My relationship with Fran began a month and half earlier in late 1982 when I first started seeing her seriously.

I met her while working at the Clifton Fotomat on a Saturday and arranged to take a walk with her in a park early the next morning.

It started as a walk and ended up later in my bed with Pauly waiting elsewhere annoyed for me to drive him to practice with the band.

He lived in Towaco at the time.

That same day, Michael and his girlfriend, Linda, were having a poetry reading at a local club. Fran and I showed up late.

If I believe in omens, then I might have taken an event later in November when a neighbor pounded on my door while Fran and I were making love, yelling that someone had just hit my car.

It was a drunk without insurance, resulting in my car getting laid up in the shop for a few days.

Christmas came with great expectations for the new band Pauly was singing for, only to have the band peter out after only three performances, and I lost the $25 fee as sound man for the last performance.

Fran and I took a trip of Pennsylvania on Christmas Eve to see my ex-wife and kid, only to have Fran’s “Pal” Bill tag along with a fateful stop at Pauly’s place where he and Bill – two of a breed – tried to one-up each other with their conspiracy theories.

Pauly was supposed to have come with us to see my ex-wife in Pennsylvania but copped out last minute the way he had earlier when we had planned to go see Robin Williamson perform in New York and rather than waste the ticket we’d paid for, we took Garrick instead.

Bill, a diehard alcoholic, had worse gas mileage than my car, forcing us to stop to pick up enough six packs of beer to last him the trip west.

The heavy stuff didn’t happen until we got to my ex-wife’s place where Bill began his manipulations. Bill didn’t feel comfortable staying the night there, knowing I was in the next room screwing his ex-girlfriend, and so he arranged to spend the night screwing my ex-wife.

It left a lot of bad feelings, especially when Fran tried to protect Bill, trying to shift blame onto my ex-wife, whom I got protective of.

This should have warned me of things to come.

A week later, on New Years Day 1983, Fran and I drove up to Oakland in her car for a walk in the woods, when a pick-up truck slammed into the back of us. The driver had been distracted by a jogger waving a night stick and didn’t even hit the brakes.

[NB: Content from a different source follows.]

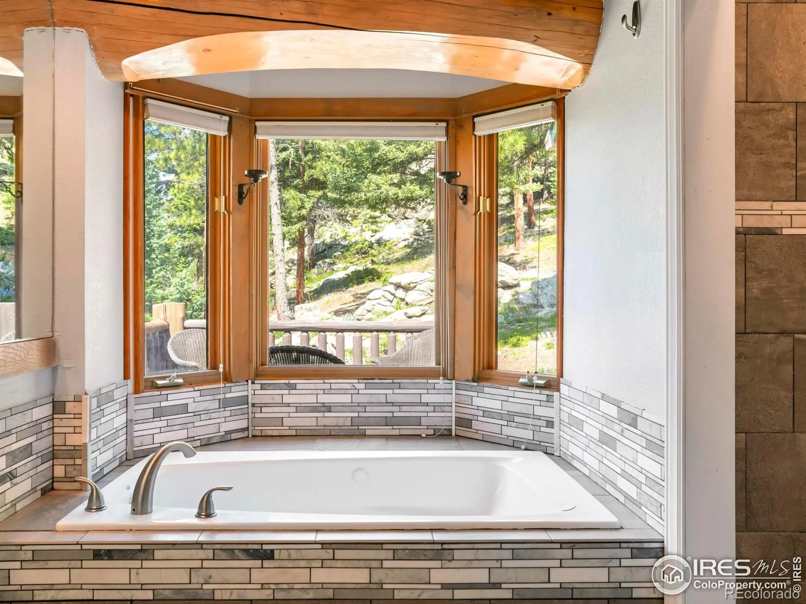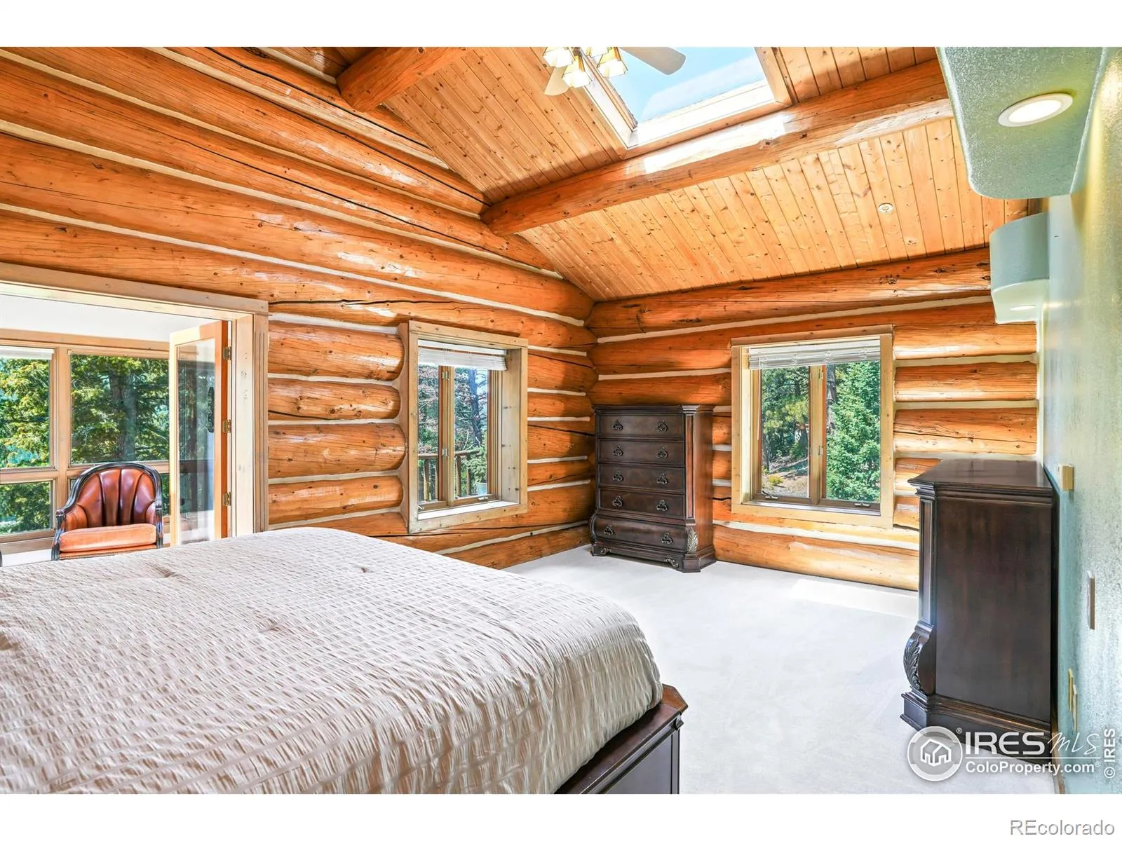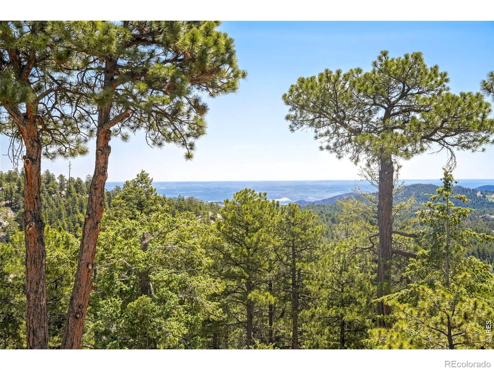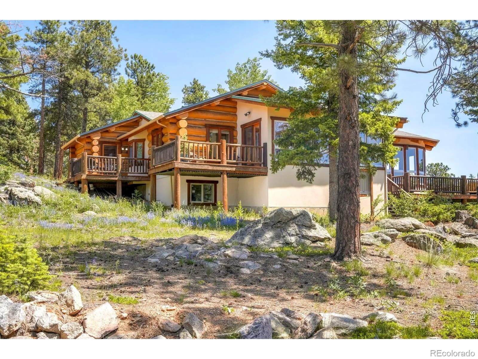 A rare blend of seclusion, craftsmanship and panoramic beauty, this custom British Columbian log home offers captivating views from every angle. On top of the mountain perched on 10.88 forested acres of pine, aspen and dramatic rock outcroppings, this residence showcases sweeping vistas of both the City and surrounding mountains. Designed for connection to nature and timeless comfort, the interior features cathedral ceilings, expansive south-facing windows and warm wood-look tile flooring. A spacious main-level primary suite boasts a remodeled bath, jetted tub, walk-in shower and direct access to a private sunroom and deck. The kitchen highlighted by a large pantry flows seamlessly into a cozy den with a river rock wall and a wood stove insert, ideal for entertaining. Additional highlights include two fireplaces, a versatile office, laundry room and a lower-level retreat. Bordered by Meyer Ranch and Denver Mountain Parks open space, this home sits just moments from Hwy 285 and the town of Aspen Park, Conifer + Morrison

We weren’t hurt. But the car was, front seat mangled, rear truck bashed in, the carburetor shattered so that the engine would not start.

After all the legalities, I called Pauly, hoping to catch Garrick there, and he was. They agreed to come pick us up. Fran was more concerned about having to tell her father. She didn’t want him to interfere. 

She hated him and had a blow out with him on the Thanksgiving before, the same day I drove her down to meet my family in Toms River.  She didn’t like my uncle’s wife but loved meeting my mother.

Now, we had this other disaster on New Year’s to report.

We left the car on the side of the road and went for a walk in the woods until Pauly and Garrick arrived. They met us up the road, Pauly making wisecracks, Garrick snapping back.

Looking back, I realize just how big a part Pauly would play later in the demise of my relationship with Fran. Hindsight as they say is 20 20, although I’m not sure if I would have done anything different over the last three years if I knew then what I know now.